Not surprisingly, that decision because useful pretty quickly. As I was working on moving
the Cartographica Blog from SquareSpace to Pelican, I
was having some concern over the redirection method I used in Gaige's Pages, the
pelican-alias
plugin.
The pelican-alias
plugin is a highly useful piece of code, especially if you're going to
be placing your pelican site on a server you don't control. The method of redirection is
to place a file at the original location and then redirect using HTML. This is effective
without propagating multiple copies of your pages in multiple locations (as would be the
case if you used a mapping in your web server), however it has two undesirable effects:
- It causes a slight browser-induced delay for the HTML reload command to be recognized and executed
- It doesn't tell search engines to permanently relocate your pages to their new location
I realized that the problem I was looking to solve was slightly different. In my case, I have complete control over the web server (nginx in my case), and therefore can provide configuration information to it directly, including having it redirect using HTTP 301 and 302 codes.

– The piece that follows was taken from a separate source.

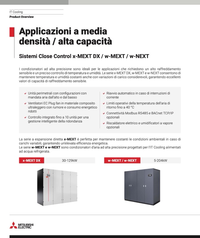 Le serie w-MEXT e w-NEXT sono condizionatori d’aria ad alta precisione progettati per l’IT Cooling alimentati

Furthermore, since I have a fine static blog engine with plugin support written in a language that
I am comfortable with, and with plenty of example code, I was able to pull together a pretty
simple plugin to create a map from the alias
attribute in my blog postings to the final
published URI. The result is now available as
nginx_alias_map on github.
I'm now running two sites using it and both seem to be performing admirably.
Code is published under the MIT license and pull requests are welcome.